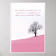 Einzelner Baum auf pinker Wiese mit blauem Himmel.
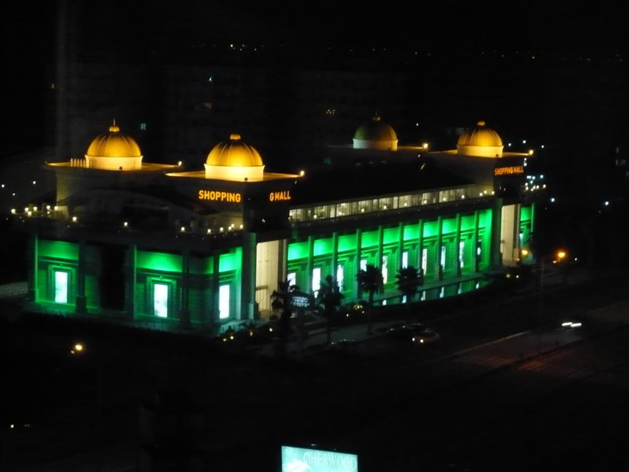.... auf die Nachts beleuchtete Shopping-Mall
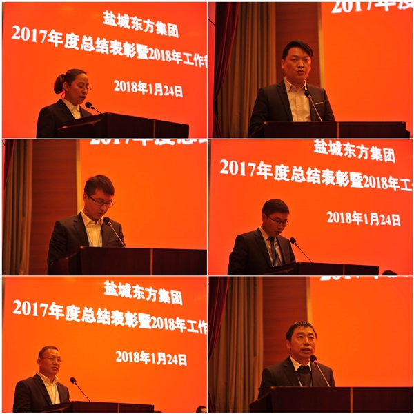 會議對15個先進(jìn)集體和25名先進(jìn)個人進(jìn)行了表彰;播放了東方集團(tuán)2017年發(fā)展回眸、2018年工作展望專題片《轉(zhuǎn)型創(chuàng)新東方紅》;6名集團(tuán)員工代表從不同層面作了表態(tài)發(fā)言;集團(tuán)班子成員依次向張振國遞交黨的建設(shè)責(zé)任書、安全生產(chǎn)責(zé)任書。

WHAT YOU ARE ASKED TO DO
Leaving every picture aside, repeat the listing exactly.

ANSWER
 Einzelner Baum auf pinker Wiese mit blauem Himmel.
.... auf die Nachts beleuchtete Shopping-Mall
 會議對15個先進(jìn)集體和25名先進(jìn)個人進(jìn)行了表彰;播放了東方集團(tuán)2017年發(fā)展回眸、2018年工作展望專題片《轉(zhuǎn)型創(chuàng)新東方紅》;6名集團(tuán)員工代表從不同層面作了表態(tài)發(fā)言;集團(tuán)班子成員依次向張振國遞交黨的建設(shè)責(zé)任書、安全生產(chǎn)責(zé)任書。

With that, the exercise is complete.